Highlights & Insights¶
- Treating "division as a spike-native primitive" is the most counter-intuitive yet vital design. It transforms a hardware-unfriendly operation into population competition, which hardware excels at.
- Adapting CORDIC for \(\ell_2\) norms is an ingenious migration from 70s hardware floating-point techniques to modern SNN operator design.
- The "numerator-denominator" abstraction provides an extensible template; adding GeLU or LayerNorm in the future would only require new primitive modules rather than a complete redesign.
- The training-free nature is crucial for practical deployment, allowing NLSpiking to be applied to existing weights without harming precision.
Limitations & Future Work¶
- Ours lacks end-to-end deployment on physical neuromorphic hardware (Loihi/TrueNorth); results are currently based on software simulation.

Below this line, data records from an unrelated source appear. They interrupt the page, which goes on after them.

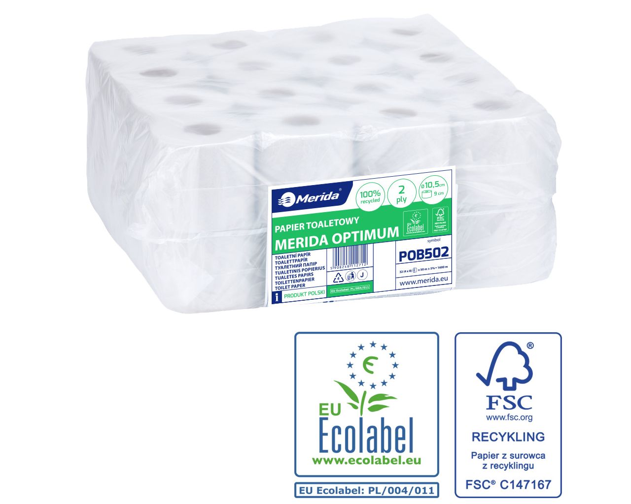 Papier toaletowy MERIDA OPTIMUMbiały, średnica 11 cm, długość 50 m, dwuwarstwowy, worek 32 szt.ECOLABEL
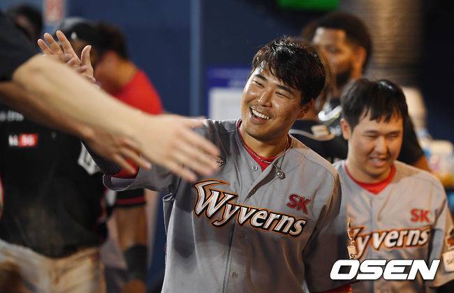 6회초 무사 3루 드림 올스타 한동민이 득점을 올린 뒤 동료들과 기뻐하고 있다. /youngrae@osen.co.kr
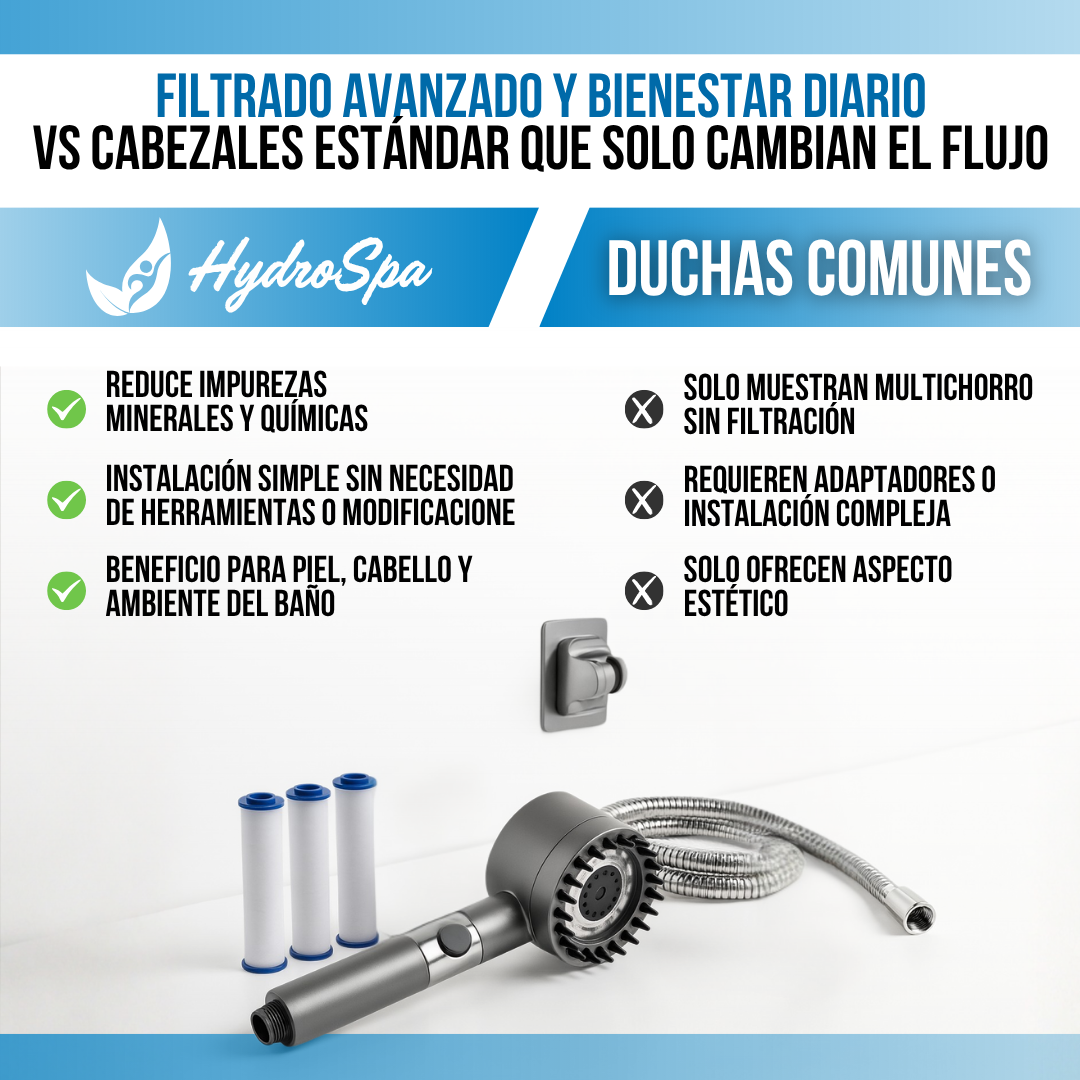 A diferencia de los cabezales comunes, HydroSpa™ combina alta presión, filtración profesional y múltiples modos, algo poco común en productos tradicionales. Además, incluye un cabezal masajeador de silicona, perfecto para relajar músculos y liberar el estrés diario. Su botón de parada instantánea permite controlar el flujo sin cortar el agua del grifo, lo que reduce el desperdicio y hace la rutina más cómoda. Es una opción más completa, eficiente y duradera que las duchas estándar del mercado chileno.
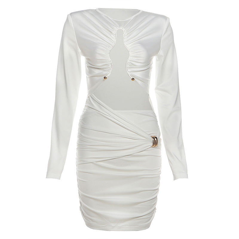 Long sleeve hollow out ruched crewneck cut out mini dress | Festival Outfits Women
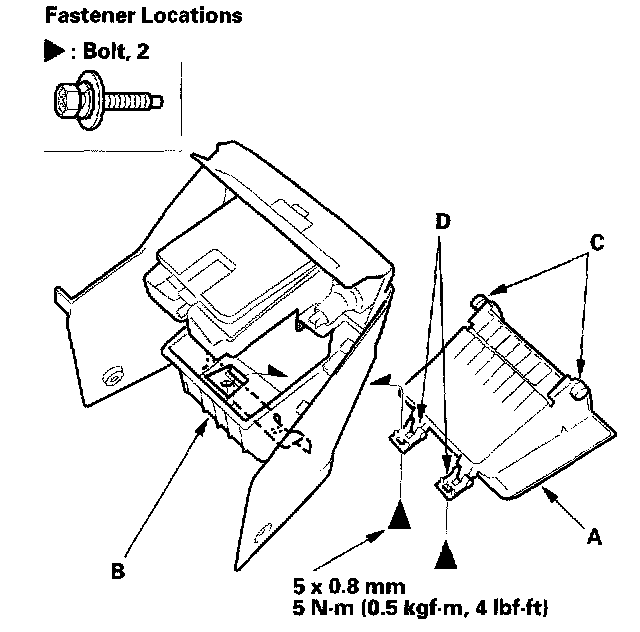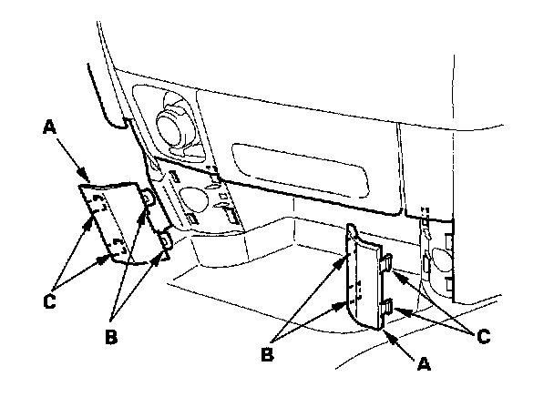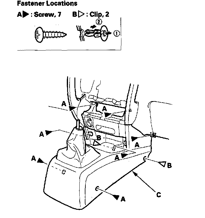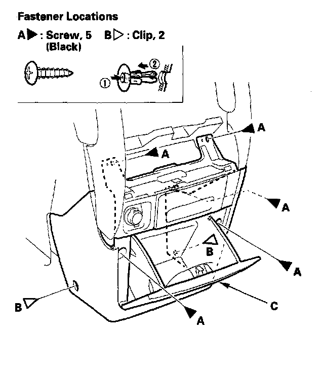 4. Remove the screws (A) and clips (B) from the dashboard center lower cover (C).
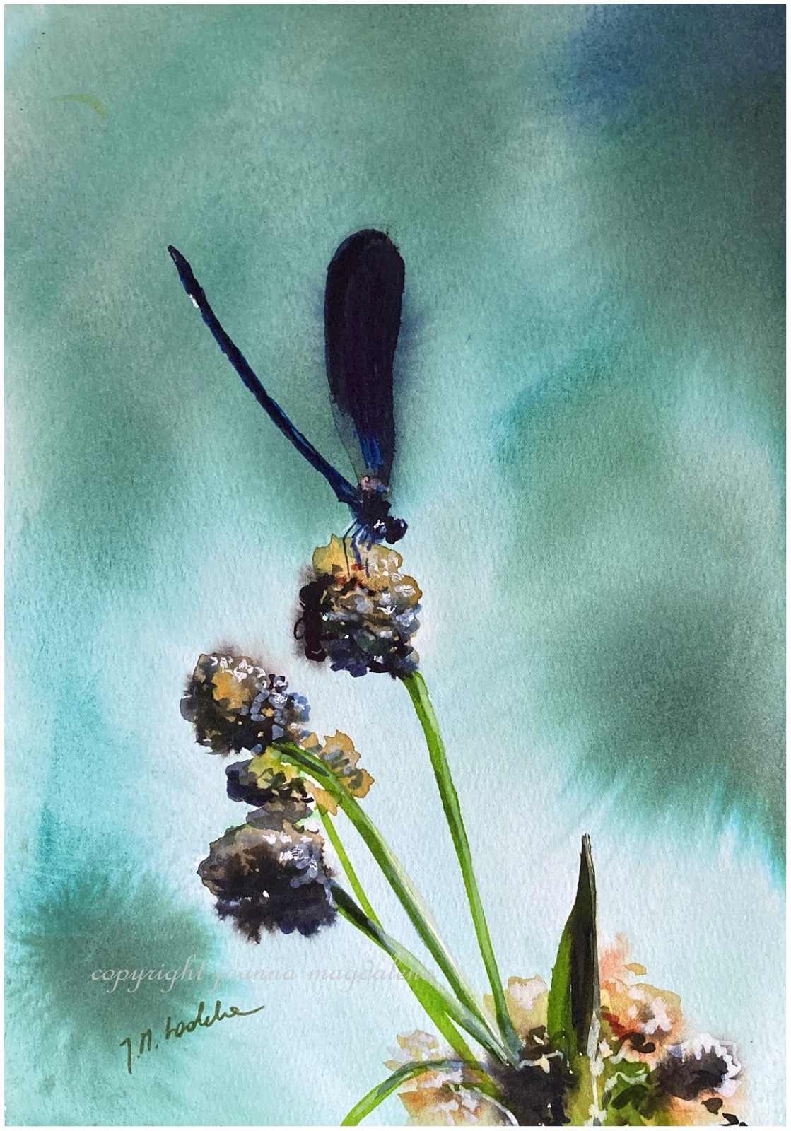 Akwarela inspirowana magicznym światem przyrody . Praca o wymiarach 27 cm x 19 cm, sygnowana, namalowana na wysokiej jakości papierze akwarelowym . Oprawiona w passe-partout i prosta ramę + pleksi. Wymiary z p. partout : 30 cm x 21 cm
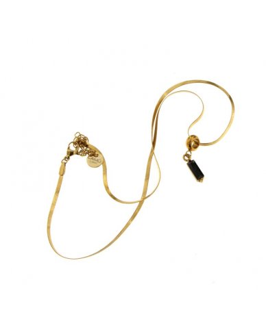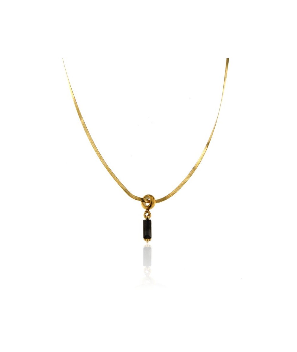 Collana spina di pesce con pendente zircone cubico nero in acciaio inox placcato oro 18k
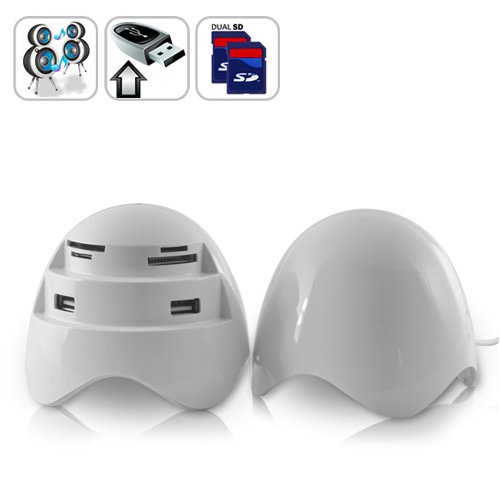 Computer Multi-Memory USB Card Reader + Stereo Speakers for PC, Laptops and Tablets - Ideal Christmas gift
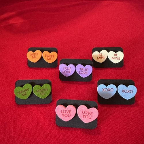 Valentine Conversation Heart Wooden Earrings
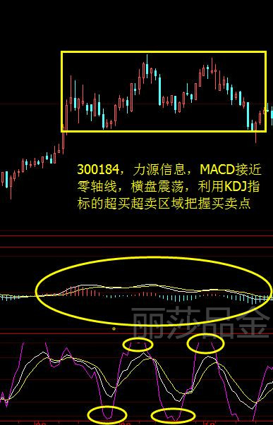 3,横盘震荡:在横盘震荡的箱体中,MACD均线无论是在零轴线上方还是在零轴线的下方,都会特别的贴近零轴线,或者直接与零轴线重叠,这个时候重点关注KDJ,高位超买做空,低位超卖做多即可。
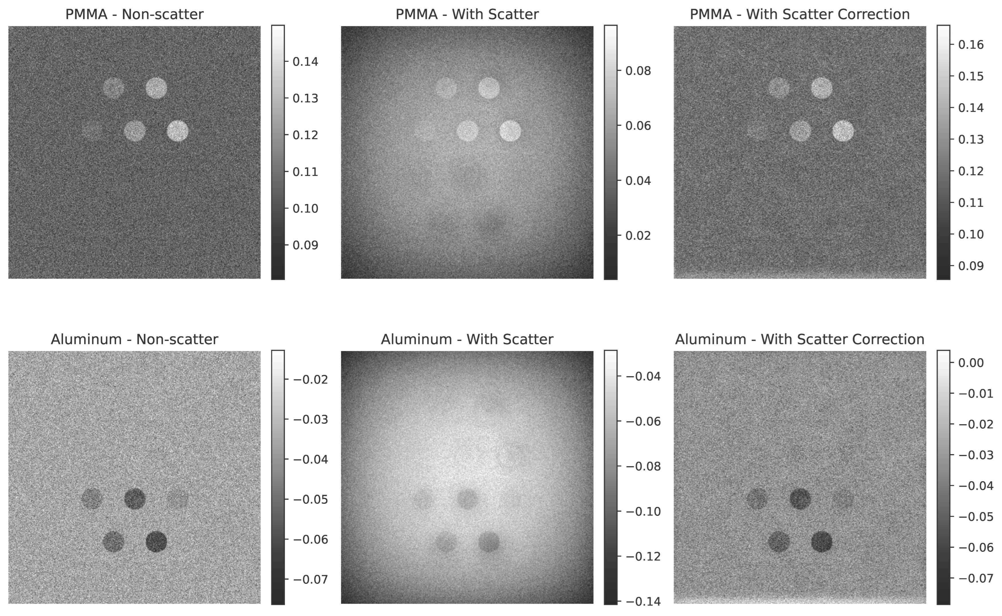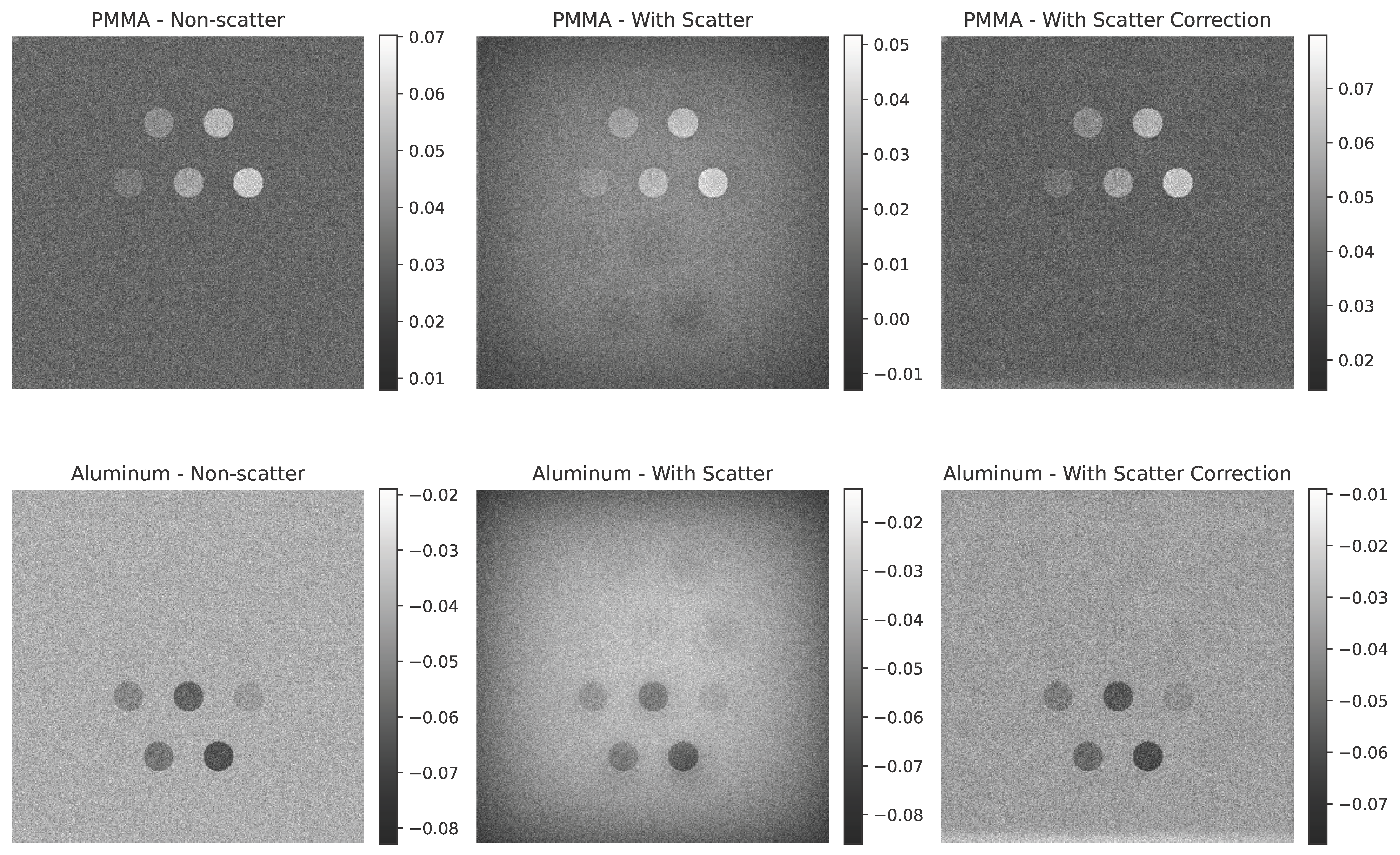 Figure 6 illustrate the impact of scatter on the simulated dual-energy subtraction images for the standard, small, and large phantom sizes, respectively. In the absence of scatter (top row), the soft tissue (PMMA-enhanced) and bone (Al-enhanced) subtraction images exhibit ideal material separation. In the presence of scatter (middle row), artifacts appear at the edges of the inserts, particularly in the Al-enhanced images. After applying scatter correction (bottom row), these artifacts are significantly reduced, restoring the desired contrast. For visualization, grayscale intensity ranges were scaled between the minimum and maximum values of each image to maximize contrast, as the dual-energy subtraction images are qualitative and not intended for quantitative comparison.
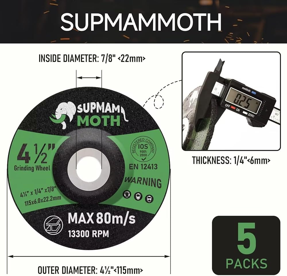 【High Performance & Efficiency】Our 4 1/2 grinding wheels feature a 0.045 inch ultra-thin design for fast, burr-free, and precise cutting with minimal material loss. This reduces burr formation and heat buildup, resulting in less rework and higher efficiency.
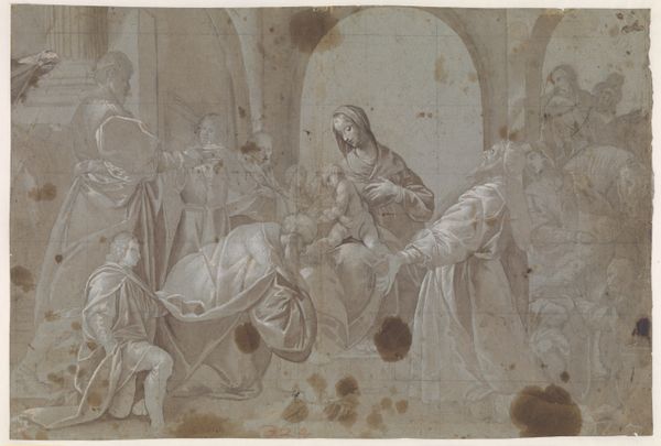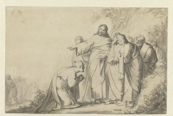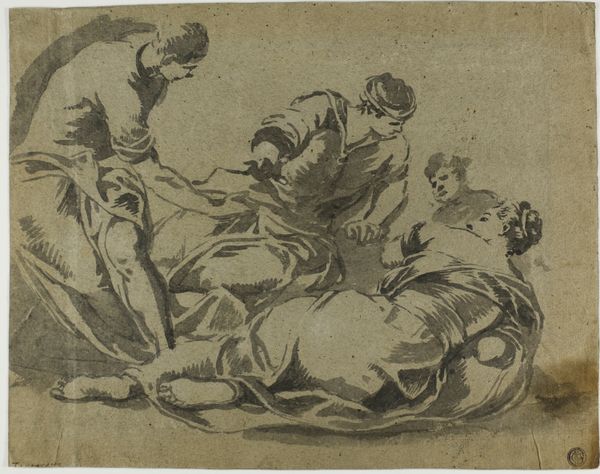 Curator: What strikes me immediately about this work, “Figures Surrounding a Man Lying on the Ground," is its tentative quality. It has the feeling of a first thought sketched quickly. Editor: The historical and political weight it conveys hits me first. Seeing a man prone, seemingly lifeless, surrounded by figures in various states of distress… it evokes themes of power, vulnerability, and societal structures. It's like witnessing a crucial moment in history. Curator: Indeed. The anonymous artist working in the 1700s-1800s uses a delicate pencil to map out the composition, exploring chiaroscuro, how forms appear against the light. It’s a study in light and shadow, and its impact on perception. Notice the level of detail in the foreground figures versus the background. Editor: And consider the societal context! Think about the period it was made – a time of immense social upheaval and stark class disparities. Who is this man on the ground, and who are the figures around him? Are they mourning him, or is it a different dynamic? Are they symbols of disenfranchisement? Are they subjects seeking freedom? The art serves as a stage for those discussions. Curator: The very act of sketching suggests a certain kind of labour and a mode of artistic production distinct from say, finished oil paintings. It offers a glimpse into the creative process, highlighting the role of the artist as a maker. We are invited to examine the labour and intent embodied in each line. Editor: And looking at it from an intersectional lens, it prompts us to investigate who is included and, importantly, who is excluded from the narrative. The rendering, even in its rough state, offers insight into prevailing cultural norms of the era. This piece facilitates conversations about history and challenges assumptions. Curator: Ultimately, this preliminary drawing on paper brings forth questions about how art is constructed, both physically and conceptually, focusing our attention to art making itself. Editor: Yes. And by confronting those perspectives and linking art history to social awareness, "Figures Surrounding a Man Lying on the Ground" serves as a platform for examining the world we still inhabit.
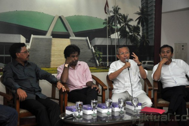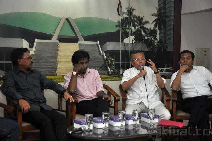 Anggota Fraksi PPP DPR RI Asrul Sani (kedua dari kanan) bersama Anggota Fraksi PDIP DPR RI Sukur Nababan (kanan), Pakar Hukum Tata Negara Margarito Kamis (kedua dari kiri) dan Anggota Fraksi NasDem DPR RI Johny G. Plate (kiri) menjadi narasumber pada diskusi Dilematikan Demokrasi yang bertema “Presiden Ajukan Calon Kapolri Baru dan Terbitkan Perppu KPK di Masa Reses DPR” di Pressrom DPR Kompleks Parlemen Senayan, Jakarta Selatan, Jumat (20/2/2015). Keputusan Jokowi yang batal melantik Komjen Pol Budi Gunawan ada yang menilai keputusan tersebut sudah tepat, namun ada juga yang menganggap Presiden Jokowi telah melanggar konstitusi. AKTUAL/JUNAIDI MAHBUB

- Nonlinear operator coverage is limited to Softmax, SiLU, and RMSNorm; GeLU, Mish, and trigonometric operations in RoPE/ALiBi are not yet covered.
- \(H\) selection is task-dependent (SiLU prefers small \(H\), Softmax prefers large \(H\)), potentially leading to hardware configuration fragmentation.
- PWL-Exp under 8-bit quantization is near its error floor; further precision may require non-uniform segments or hierarchical LUTs.
- Future work could combine NLSpiking with Quantization-Aware Training (QAT) to adapt models to LIF noise before conversion.
Related Work & Insights¶
- vs SpikeZIP-TF (You et al. 2024): SpikeZIP spikes linear operators but offloads non-linears; Ours completes the puzzle and can be used as a backend.
- vs SpikeLLM (Xing et al. 2025): SpikeLLM focuses on saliency-driven allocation; Ours is orthogonal, rewriting the operators themselves.
- vs Sorbet (Tang et al. 2025): Sorbet uses shift-based operations but requires distillation and fine-tuning; Ours is entirely training-free.
- vs FAS / LAS (Chen et al. 2025): These focus on lossless conversion but still use external non-linears.
- vs XNOR-Net / DoReFa-Net: These suffer high errors in SiLU/Softmax; Ours demonstrates that "shift-add + LUT" can significantly lower error at similar hardware costs.